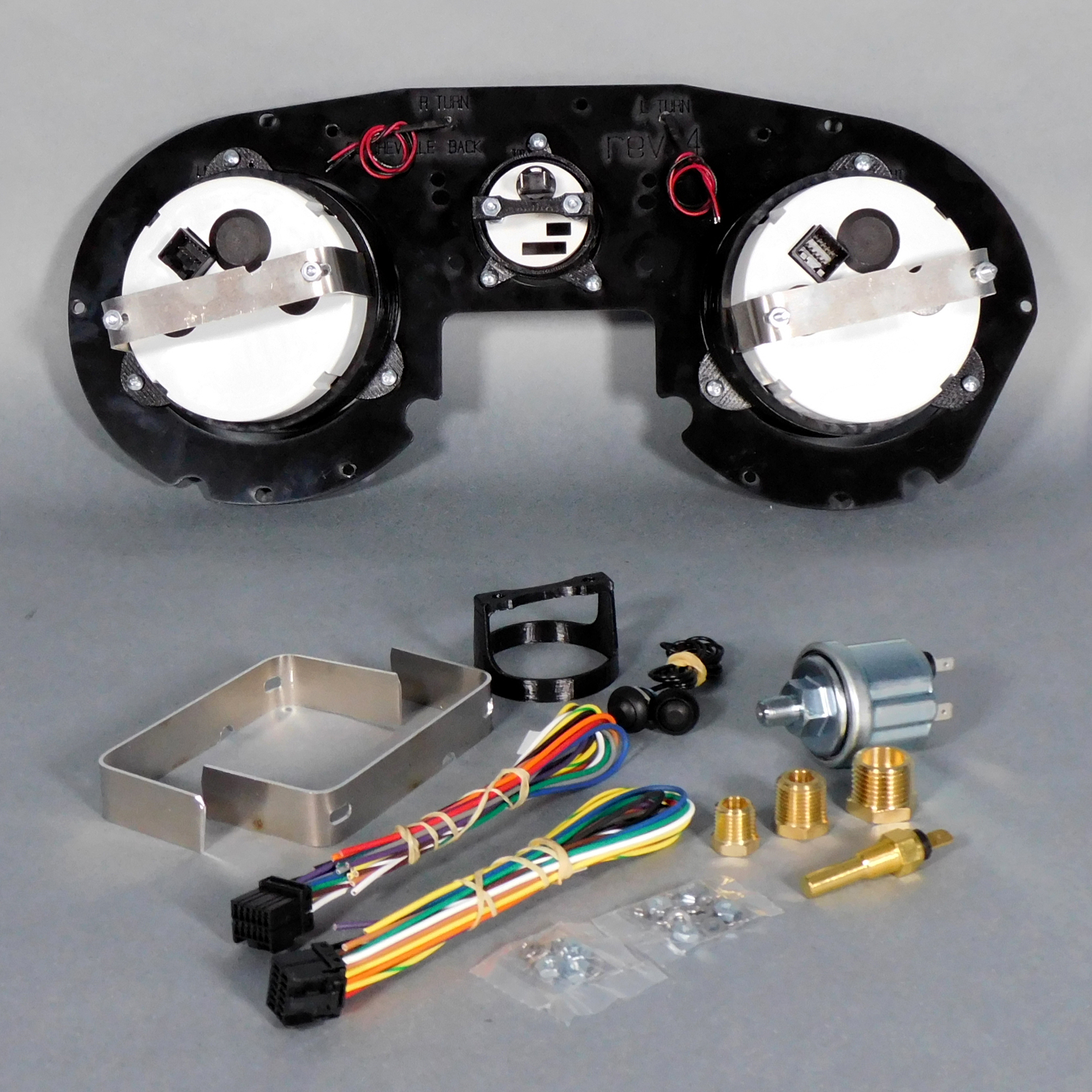 Our 3‑in‑1 gauges are loaded like a test mule getting flogged down Woodward: modern LED lighting, performance timers, shift alerts, auxiliary inputs, a settable odometer — all driven by OE‑grade and mil‑spec guts that don’t back down when the pavement gets mean.
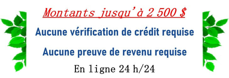 Répondre dans les 24 heures | Aucune vérification de crédit requise | Processus 100 % en ligne | Aucune preuve de revenu requise
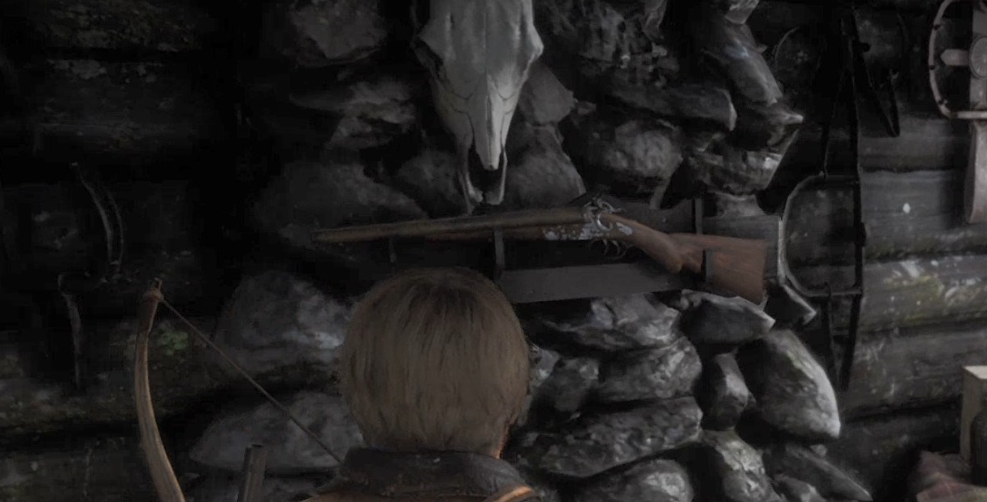 基兰告诉亚瑟有现金藏在烟囱里,搜刮木屋后到烟囱旁,可获得双管散弹枪,然后拿现金。
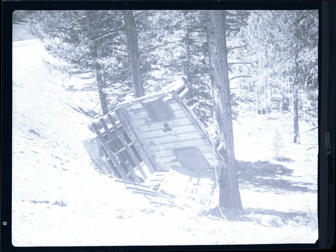 Nitrate negative of motor vehicle accident with overturned truck off road in forested area of BRCA. ; BRCA Museum and Archives Image BRCA8875_001_347 ; BRCA 8875
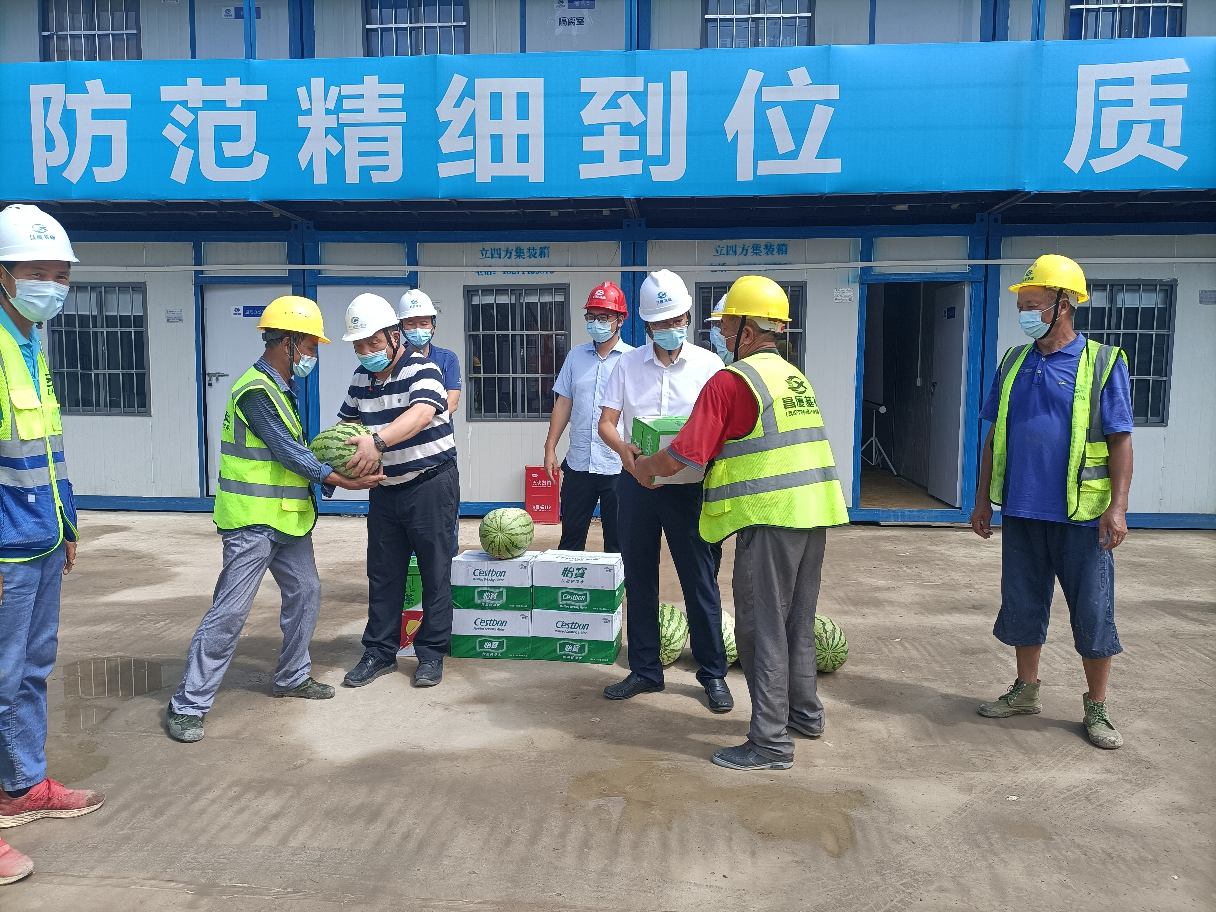 同時(shí),公司領(lǐng)導(dǎo)在項(xiàng)目現(xiàn)場(chǎng)開(kāi)展了送清涼活動(dòng),為一線人員送上礦泉水、西瓜、花露水、藿香正氣水等防暑降溫物資及個(gè)人防護(hù)用品,并叮囑在高溫堅(jiān)守崗位的一線職工要注意勞逸結(jié)合,做好疫情個(gè)人防護(hù),消除各類(lèi)安全隱患,確保夏季安全生產(chǎn)。(綜合部(黨群工作部)
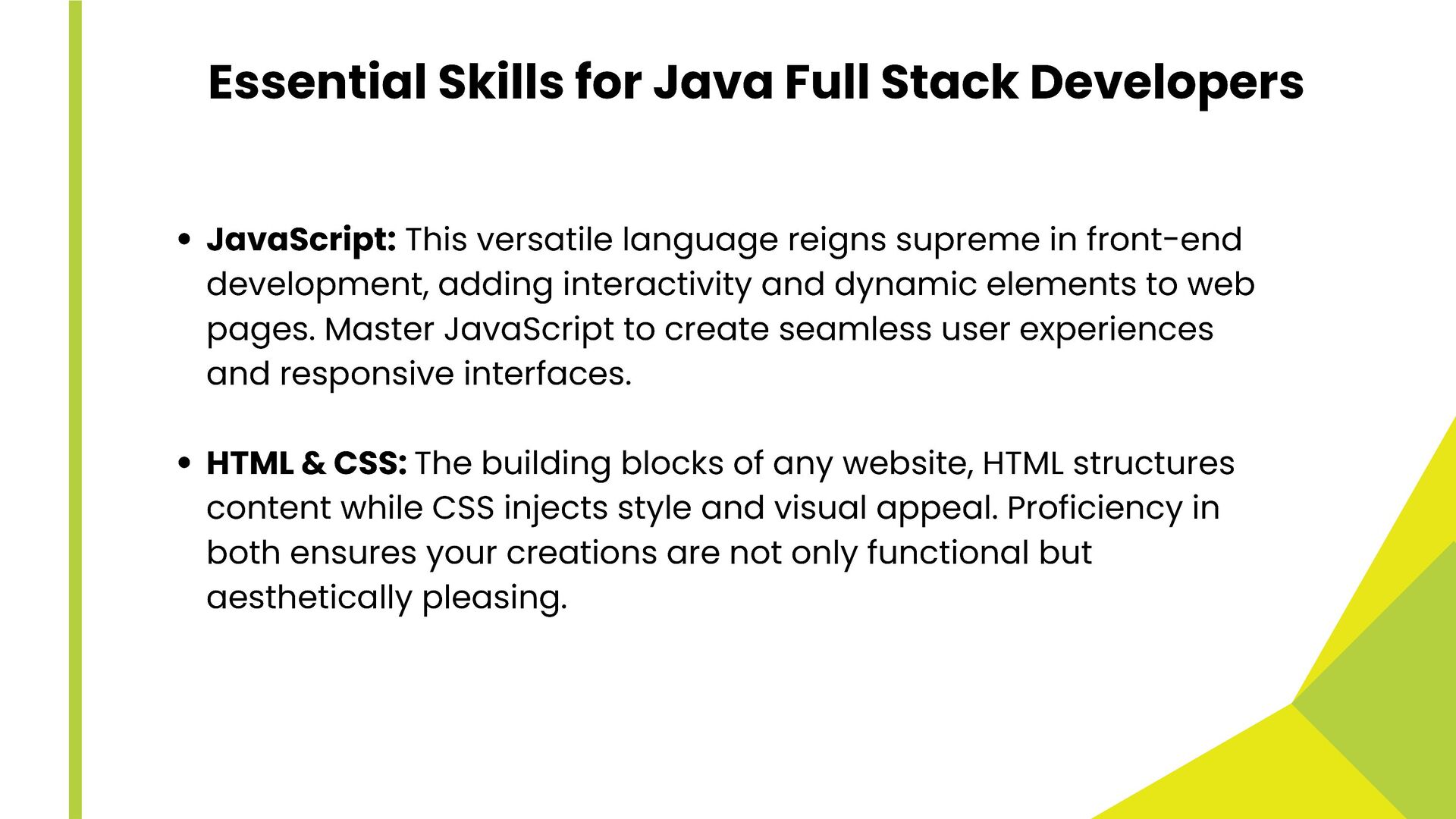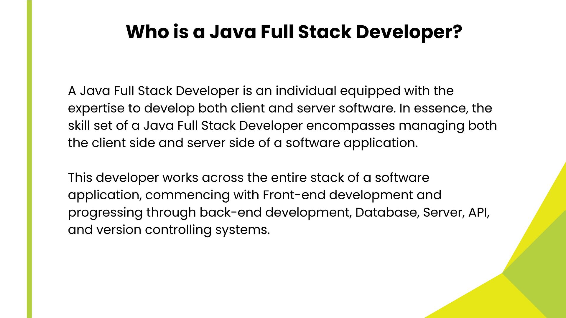A Java Full Stack Developer is an individual equipped with the expertise to develop both client and server software. In essence, the skill set of a Java Full Stack Developer encompasses managing both the client side and server side of a software application.
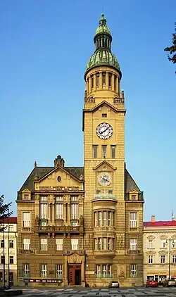 • Neues Rathaus – errichtet 1911–1914 nach Entwurf des Brünner Architekten Karel Hugo Kepka.
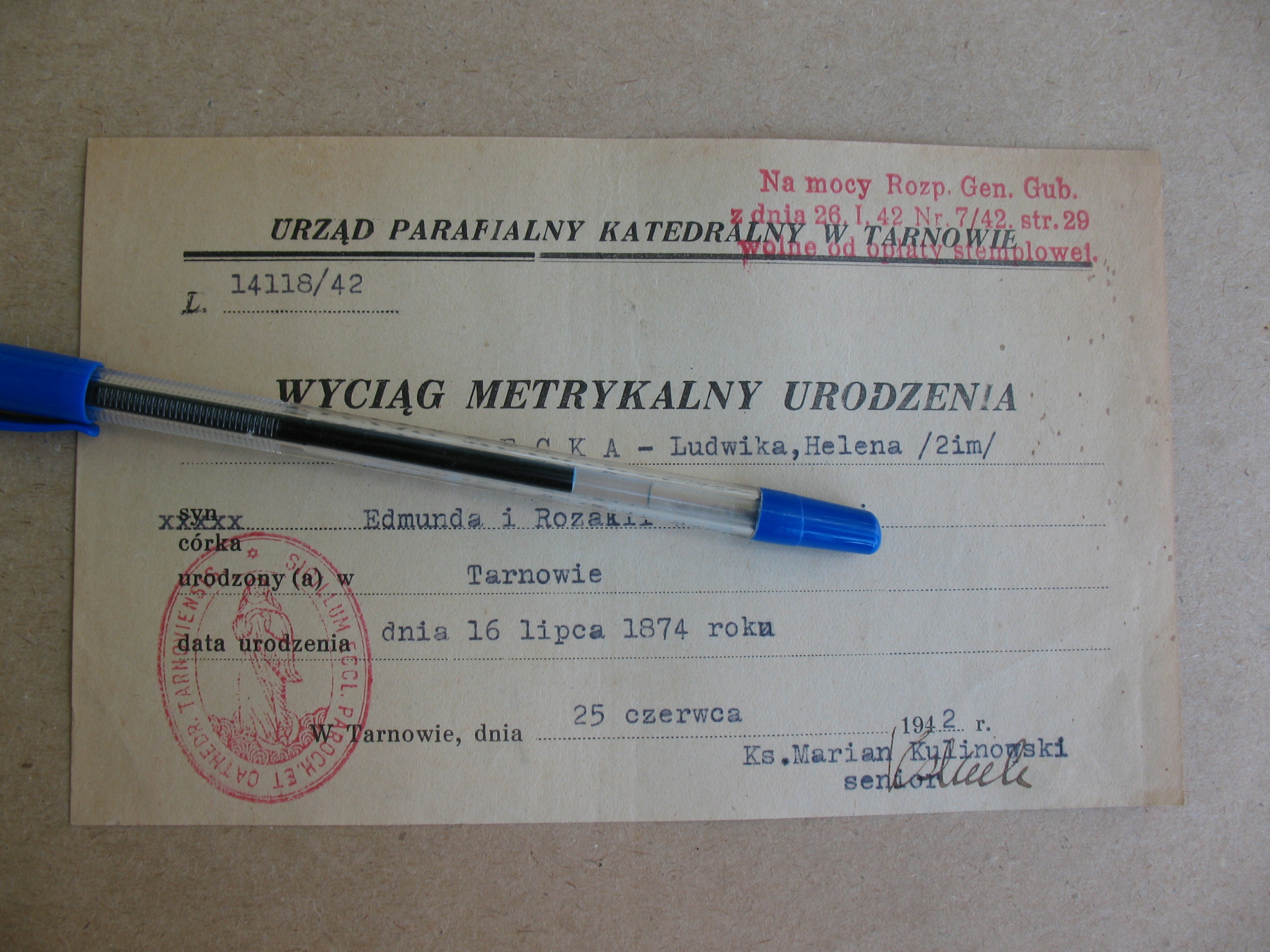 GENERALNA GUBERNIA TARNÓW WYCIĄG METRYKALNY URODZENIA 1942
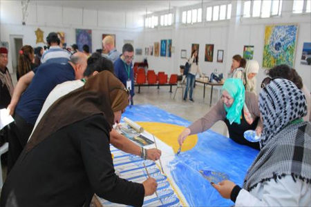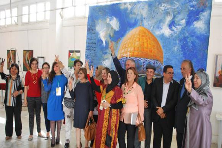 افراسيانت - خميس بن بريك-تونس - في رواق الفنون بمدينة بن عروس في العاصمة تونس اختتمت فعاليات مهرجان فلسطين الدولي الثاني للفن التشكيلي المعاصر بإنجاز لوحة جماعية عملاقة للقدس رسمها ثلة من الفنانين التونسيين، وأهديت إلى سفارة دولة فلسطين في تونس.

============================================================

● **Exercise**
An exact reprint of the records above is required, with all pictures left out.

● **Output for this exercise**
 Our 3‑in‑1 gauges are loaded like a test mule getting flogged down Woodward: modern LED lighting, performance timers, shift alerts, auxiliary inputs, a settable odometer — all driven by OE‑grade and mil‑spec guts that don’t back down when the pavement gets mean.
 Répondre dans les 24 heures | Aucune vérification de crédit requise | Processus 100 % en ligne | Aucune preuve de revenu requise
 基兰告诉亚瑟有现金藏在烟囱里,搜刮木屋后到烟囱旁,可获得双管散弹枪,然后拿现金。
 Nitrate negative of motor vehicle accident with overturned truck off road in forested area of BRCA. ; BRCA Museum and Archives Image BRCA8875_001_347 ; BRCA 8875
 同時(shí),公司領(lǐng)導(dǎo)在項(xiàng)目現(xiàn)場(chǎng)開(kāi)展了送清涼活動(dòng),為一線人員送上礦泉水、西瓜、花露水、藿香正氣水等防暑降溫物資及個(gè)人防護(hù)用品,并叮囑在高溫堅(jiān)守崗位的一線職工要注意勞逸結(jié)合,做好疫情個(gè)人防護(hù),消除各類(lèi)安全隱患,確保夏季安全生產(chǎn)。(綜合部(黨群工作部)
A Java Full Stack Developer is an individual equipped with the expertise to develop both client and server software. In essence, the skill set of a Java Full Stack Developer encompasses managing both the client side and server side of a software application.
 • Neues Rathaus – errichtet 1911–1914 nach Entwurf des Brünner Architekten Karel Hugo Kepka.
 GENERALNA GUBERNIA TARNÓW WYCIĄG METRYKALNY URODZENIA 1942
 افراسيانت - خميس بن بريك-تونس - في رواق الفنون بمدينة بن عروس في العاصمة تونس اختتمت فعاليات مهرجان فلسطين الدولي الثاني للفن التشكيلي المعاصر بإنجاز لوحة جماعية عملاقة للقدس رسمها ثلة من الفنانين التونسيين، وأهديت إلى سفارة دولة فلسطين في تونس.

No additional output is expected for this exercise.